Sport, 16 dicembre 2018

Marc Gisin senza airbag, Lara con: il salvavita che divide il circo bianco

Impressionanti le immagini dell’incidente avuto ieri dallo sciatore elvetico sulle nevi della Val Gardena. L’airbag non è obbligatorio ma in tanti iniziano a indossarlo, compresa la ticinese

VAL GARDENA (Italia) – Lo sci, si sa, è uno sport pericoloso nel quale, specie in discesa, si rischia davvero di farsi del male. Ne sa qualcosa, purtroppo, Marc Gisin protagonista ieri di un incredibile incidente durante la Discesa libera della Val Gardena, a causa del quale si è fratturato alcune costole.

L’elvetico non indossava l’airbag, sdoganato in gara nel 2015, ma che ancora fa discutere: l’uso è facoltativo. Progettato dalla Dainese, l’airbag per gli sciatori è un misto di tecnologia: grazie a diversi sensori individua la cadute rotazionali e si gonfia per proteggere le spalle, le clavicole e la cassa toracica. A partire da quest’anno anche la francese In&emotion ha presentato il suo airbag.

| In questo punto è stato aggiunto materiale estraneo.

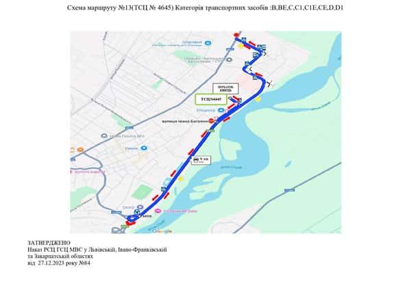 Маршрут №13 ТСЦ МВС № 4645. Для перевірки навичок керування ТЗ категорії B, BE, C1, C1E, C, CE, D, D1.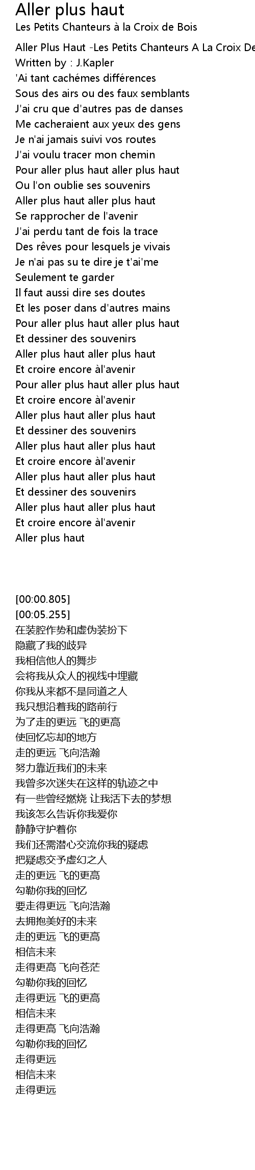 | [00:00.805] | Aller Plus Haut Les Petits Chanteurs A La Croix De Bois |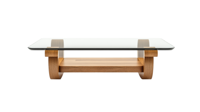 A modern, stylish coffee table with a clear glass top and a sturdy wooden base. The table's sleek design and neutral colors would complement a variety of interior design styles.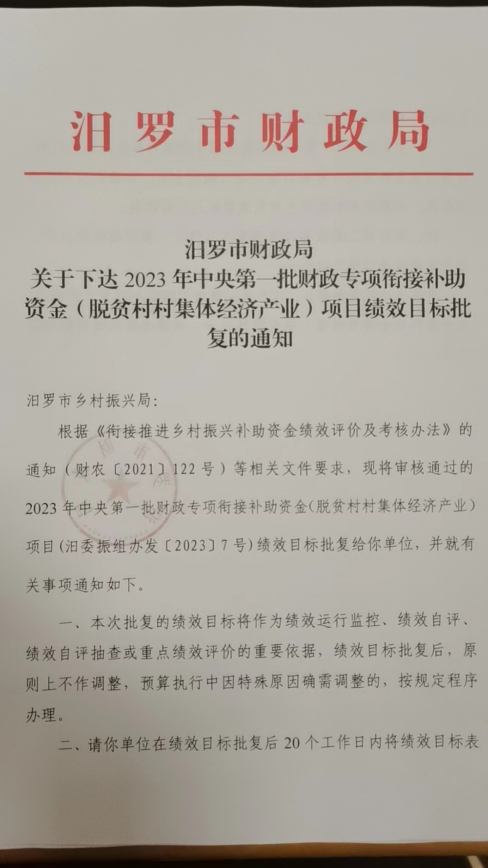 关于下达2023年中央第一批财政专项衔接补助资金(脱贫村村集体经济产业)项目绩效目标批复的通知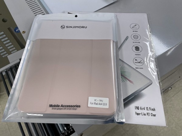 태블릿용 케이스와 강화유리를 수축포장으로 동시에 수축포장해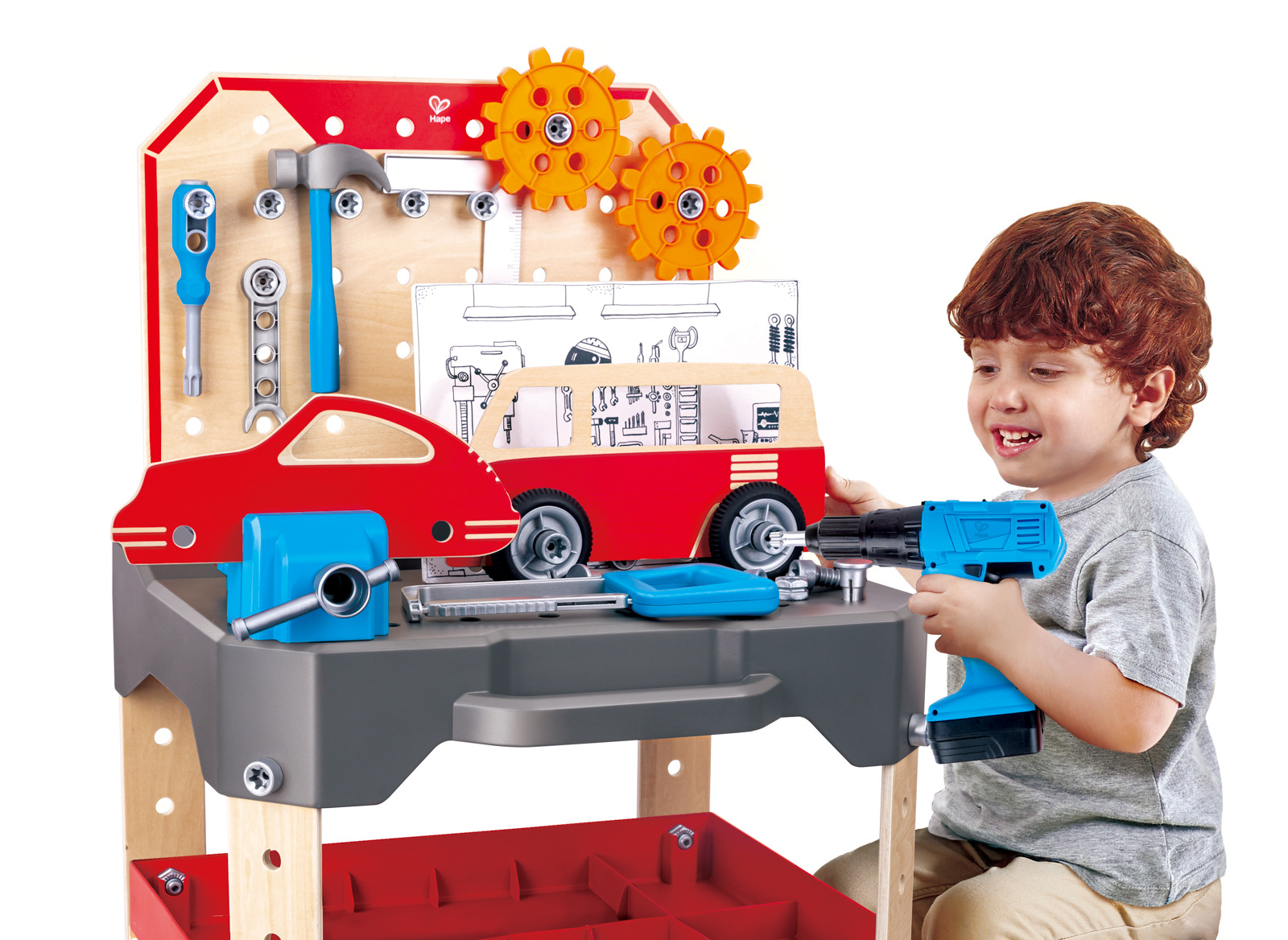 O tom sní malí řemeslníci: vlastní pracovní stůl se skvělým příslušenstvím! Rozsáhlá sada hraček obsahuje mnoho užitečných nástrojů, které lze pohodlně uložit a uložit do pracovního stolu. Sada obsahuje pracovní stůl, kladivo, elektrickou vrtačku (2xAA baterie nejsou součástí), pilu, svěrák, dva převody, čtyřhran, klíč, šroubovák, svinovací metr, čtyři kola, dvě karoserie, kartonovou dekoraci a matice a šrouby. Výšku lavice lze přizpůsobit velikosti dětí podle jejich věku. Balení: 16x40x45cm. Věk: 3+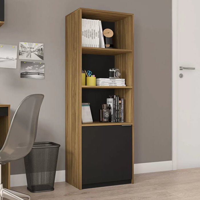 Armário Alto 1 Porta 5 Prateleiras Recta Caemmun Mel/Preto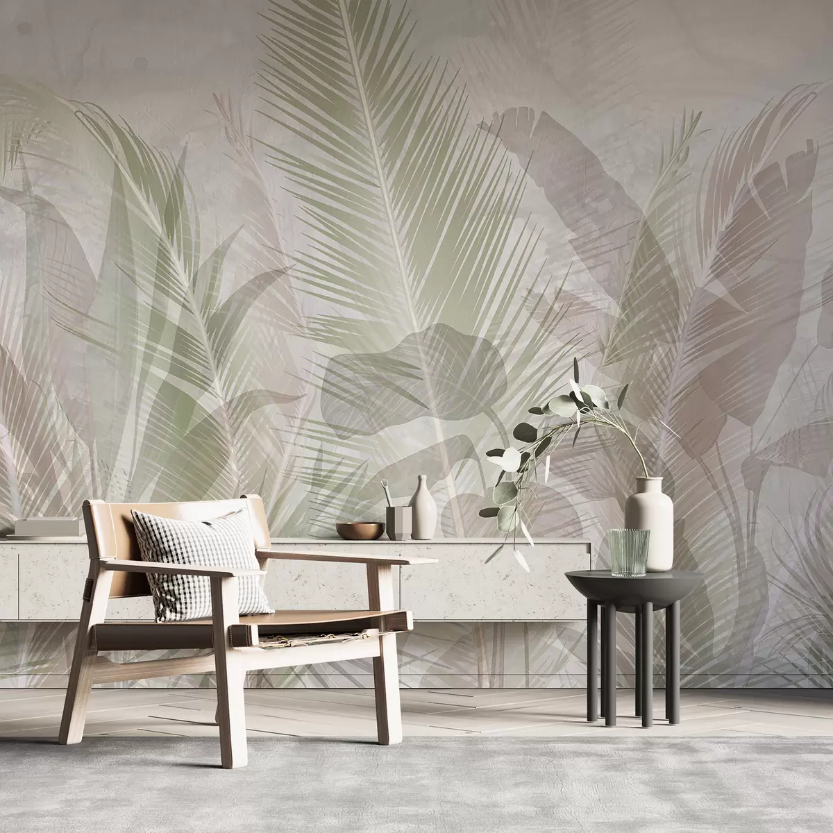 Τοιχογραφίες Τροπικά φύλλα φοίνικα σε απαλά παστέλ χρώματα, με θολό και μουντό φόντο με υφή Nr. w08326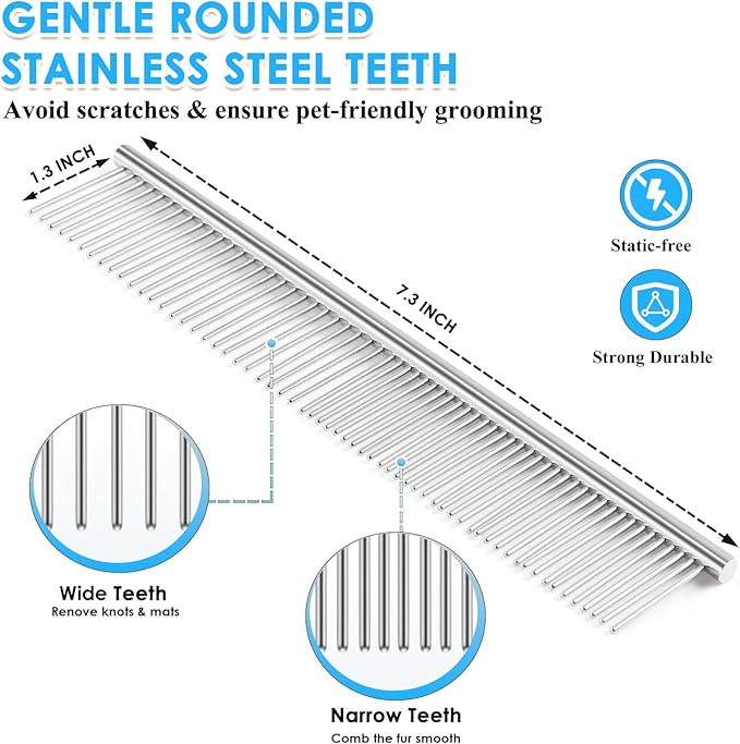 - 3-PIECE GROOMING KIT FOR LONG COATS – Includes large slicker brush, double-sided undercoat rake and stainless steel comb with wide and narrow teeth. Made for long-haired and double-coated dogs and cats; not recommended for short-haired or hairless pets.
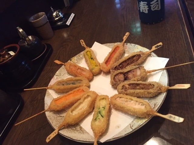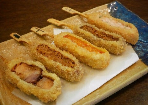 寿司屋なのに串かつ?とよく言われますが最初は豚のバラ肉を三日間煮込んで串かつにしたのがはじまりで他には無いここでしか食べれないオリジナルの串かつを開発し今では10種類以上の串かつを開発しています。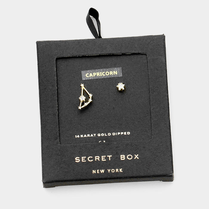 iLLASPARKZ Secret Box _ CZ Zodiac Sign Capricorn Stud Earrings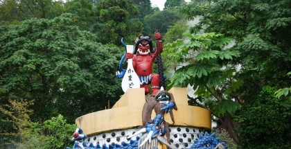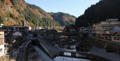 Non loin, le bâtiment moderne du musée des Trésors abrite une belle collection composée notamment de katanas, de statues et d'étoffes datant du IXe au XVIIe siècles. La promenade continue vers les bâtiments principaux, construits dans un style d'architecture particulier baptisé Hachiman-zukuri. Pour chacun des trois dieux vénérés, deux pavillons côte à côte sont reliés entre eux par la toiture. Cette disposition, qui permet à la divinité d'aller et venir sans être vu, ajoute à l'ambiance secrète et mystique des lieux, elle-même renforcée par la forêt d'arbres centenaires alentour. Enfin, en descendant vers la sortie, on s'arrête devant Kurehashi, le pont couvert dont l'éclatante couleur rouge-orangée tranche à merveille avec l'environnement verdoyant.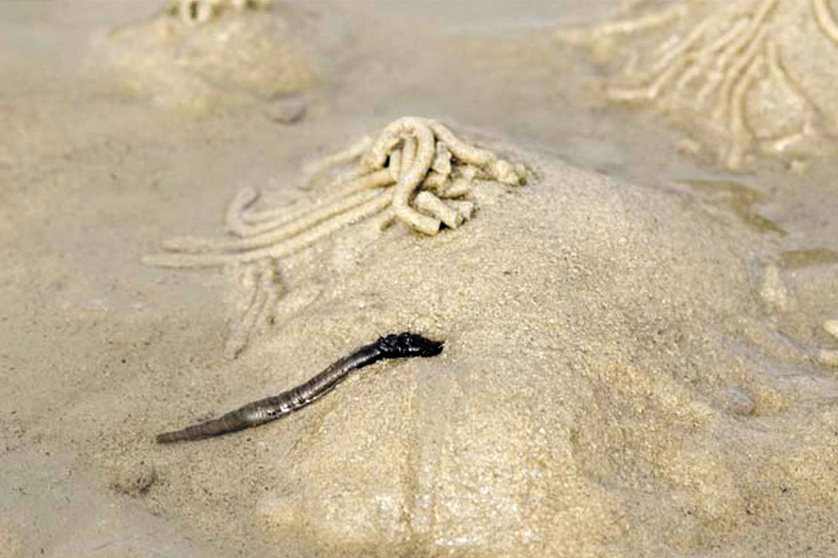 Сравним найденные ихнофоссилии со следами жизнедеятельности современного организма – морского пескожила из семейства Arenicolidae. Это крупные многощетинковые черви длиной до 20 см, обитающие в U-образных норках, которые роют в илисто-песчаном грунте. Питаются, пропуская через кишечник донный осадок. Пескожилы населяют приливно-отливную зону и верхнюю сублитораль морей Северной Атлантики и Северного Ледовитого океана, где образуют плотные поселения на обширных территориях – «пескожильные пляжи» [2] (рис. 26) и оставляют специфические ходы в иле (рис. 27).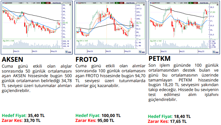 Geçtiğimiz haftanın genelinde %2,96 oranında değer kazanan BIST-100 endeksinde Cuma günü kapanışa doğru alımların etkili olduğunu gördük. Endekste dört günlük yeni işlem haftasında 9.500-9.550 bölgesini destek olarak takip edecekken yukarı tarafta 9.800 ve 9.900 seviyeleri kritik olacaktır.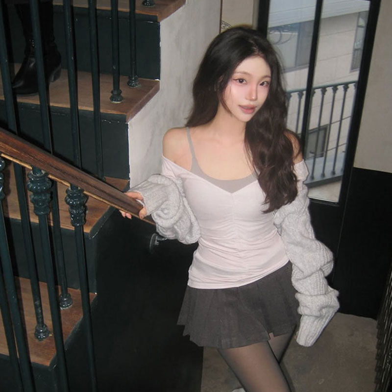 潘白雪张元 Threetim s纯欲v领露肩褶皱长袖 女内搭打底上衣 英同款由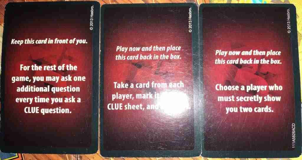 Our version of Clue has two sides to the board; one side is the original game, and the other side depicts a boardwalk. In both versions, players are using their pawn to move between the different rooms. They also need to use the cards to determine which room the crime took place in.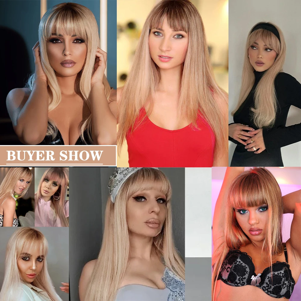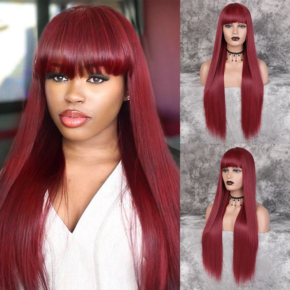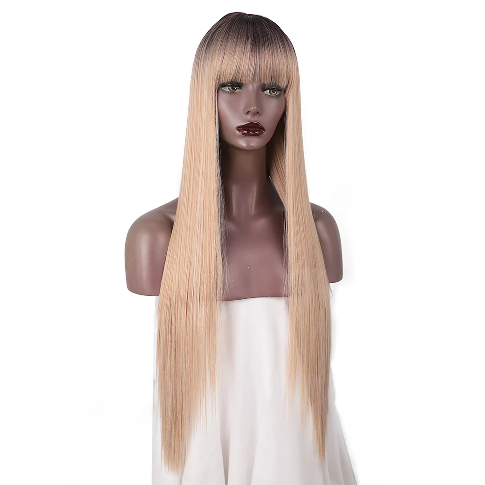 Женский синтетический парик с челкой, с длинными прямыми волосами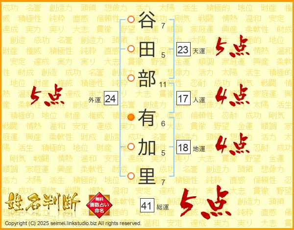 谷(7画)田(5画)部(11画) 有(6画)加(5画)里(7画)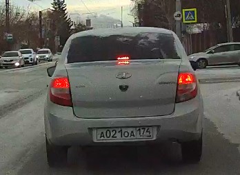 Пересечение стоп-линии и выезд на перекрёсток на запрещающий движение сигнал светофора. Госномер нарушителя А021ОА 174, LADA (ВАЗ) Granta 2017 г.в., серебристый. Перекрёсток ул. Ленинградской и ул. Суворова. 27-01-2022 п. 6.16 ПДД Дорожный знак "Стоп-линия". Место остановки транспортных средств при запрещающем сигнале светофора. п. 6.2. ПДД - жёлтый сигнал запрещает движение, красный сигнал запрещает движение, зелёный сигнал разрешает движение. п. 6.13 ПДД - при запрещающем сигнале светофора... водители должны остановиться перед стоп-линией (знаком 6.16).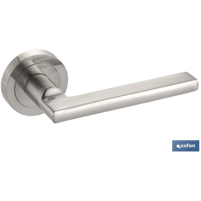 Guarnitura Vienna in alluminio con rosetta tonda in Nickel. Caratteristiche tecniche: Materiale: Alluminio/Nichel Misure: 108 x 59 mm Diametro: 50 mm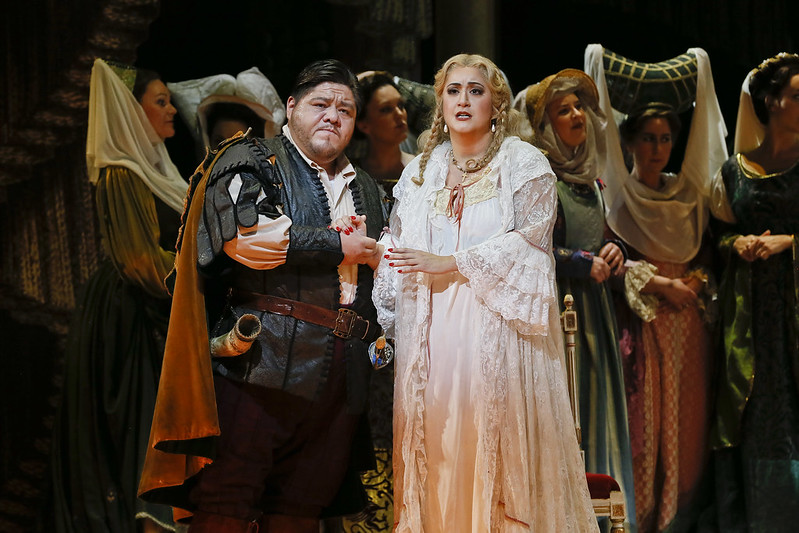 Doing double duty in repertory with Aida, Alexander Vinogradov is in superb form, practically stealing the entire opera with his magnificent first scene “Infelice!… e tu credevi… che mai vegg’io!” Vinogradov is fearless in conveying the black heart of Don de Silva, the thrill of his luxurious, unwavering bass voice leaving the audience wanting more.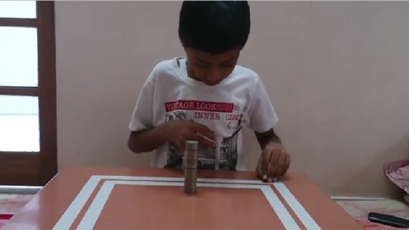 Sanchit B. created a coin tower using 111 Indian coins.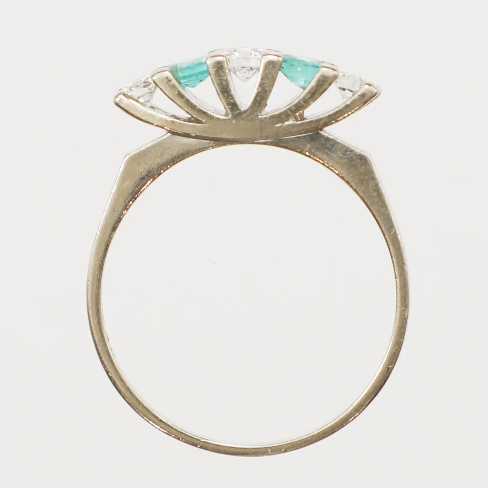 Ring med smaragder och diamanter, 1xca0,16ct 2xca0,10ct, stl 18¼, bredd 2-4,4mm, vitguld, 18K Vikt: 5 g.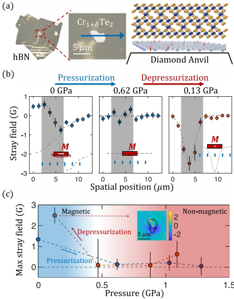 【磁性相变观测】在Cr1+δTe2/hBN异质器件中,VB-传感器成功捕获到0.5 GPa压力下铁磁-顺磁转变的微观证据。 depressurization过程中磁化强度的异常恢复行为,暗示压力可能诱导了磁各向异性翻转。DFT计算证实这种转变源于压力削弱了Cr 3d轨道间的交换作用(J)。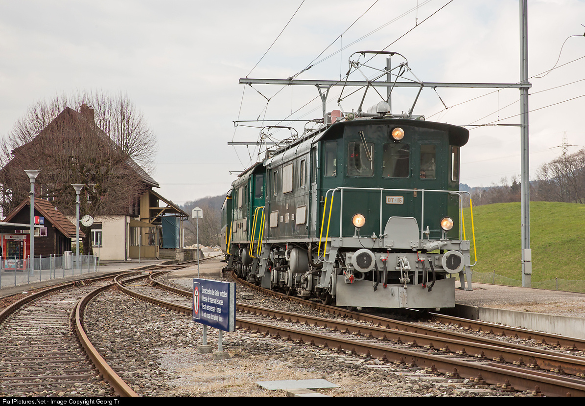 Round trip through eastern part of Switzerland, with 2 dining cars and locomotives Be 4/4 # 15 and # 11, both former Bodensee-Toggenburg Bahn (BT) from 1931 (SLM and SAAS). # 15 is running for the Dampfbahnverein Zürcher Oberland (DVZO), # 11 is privately owned and based in Winterthur.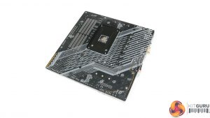 Not too tall and with minimal interference headaches, the VRM heatsinks look fit for purpose when combined with the solid power delivery hardware. The top heatsink does line up near the top edge of the motherboard though, so it is worth being careful with roof chassis fan or AIO cooler interference.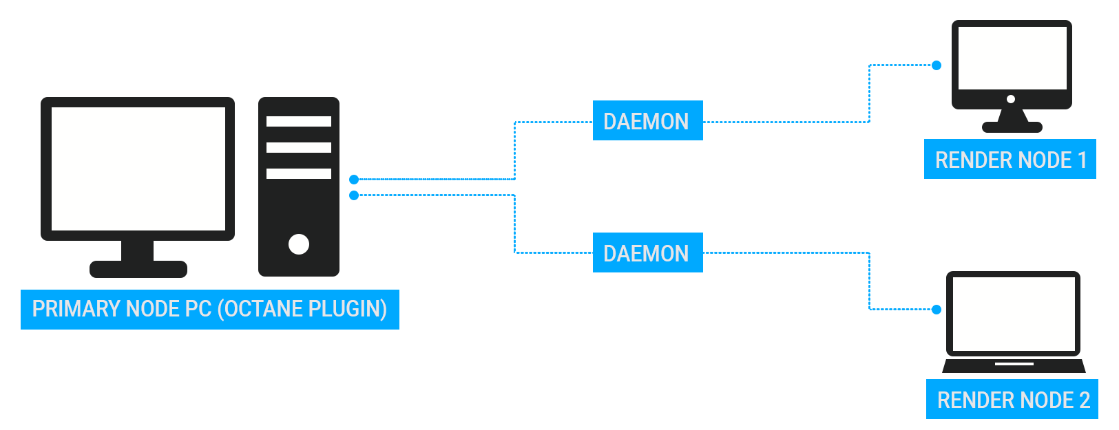 上面的图示显示了一台主节点 PC 和两台渲染节点计算机。我们希望使用这两台渲染节点及其安装的 GPU 进行渲染。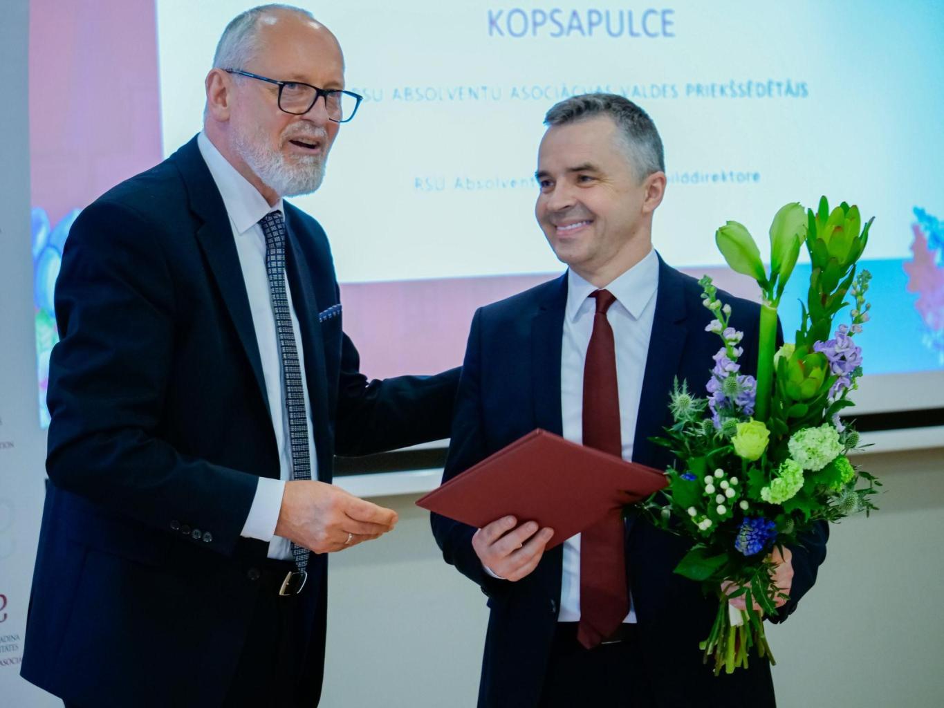 Rektors prof. Aigars Pētersons (no kreisās) un Absolventu asociācijas valdes priekšsēdētājs Dins Šmits

Ci si domanda se l’airbag avrebbe quindi potuto evitare il grave infortunio subìto da Marc Gisin, ma gli stessi campioni si dividono. Neanche la metà degli uomini lo indossano, mentre tra le donne sia Lindsey Vonn, che Mikaela Shiffrin che Sofia Goggia lo utilizzano.

Anche Lara Gut lo utilizza, dal momento che la Dainese è anche diventata partner della Svizzera. Ma in tanti continuano a sostenere che sia inutile, che non possa evitare alcuni infortuni: Svindal lo ha testato, ad esempio, e lo ha rinnegato. Ma è innegabile che in alcune situazioni, come quella di Mayer nel 2015 sempre in Val Gardena, l’airbag è stato determinante.

Insomma, chi ha ragione?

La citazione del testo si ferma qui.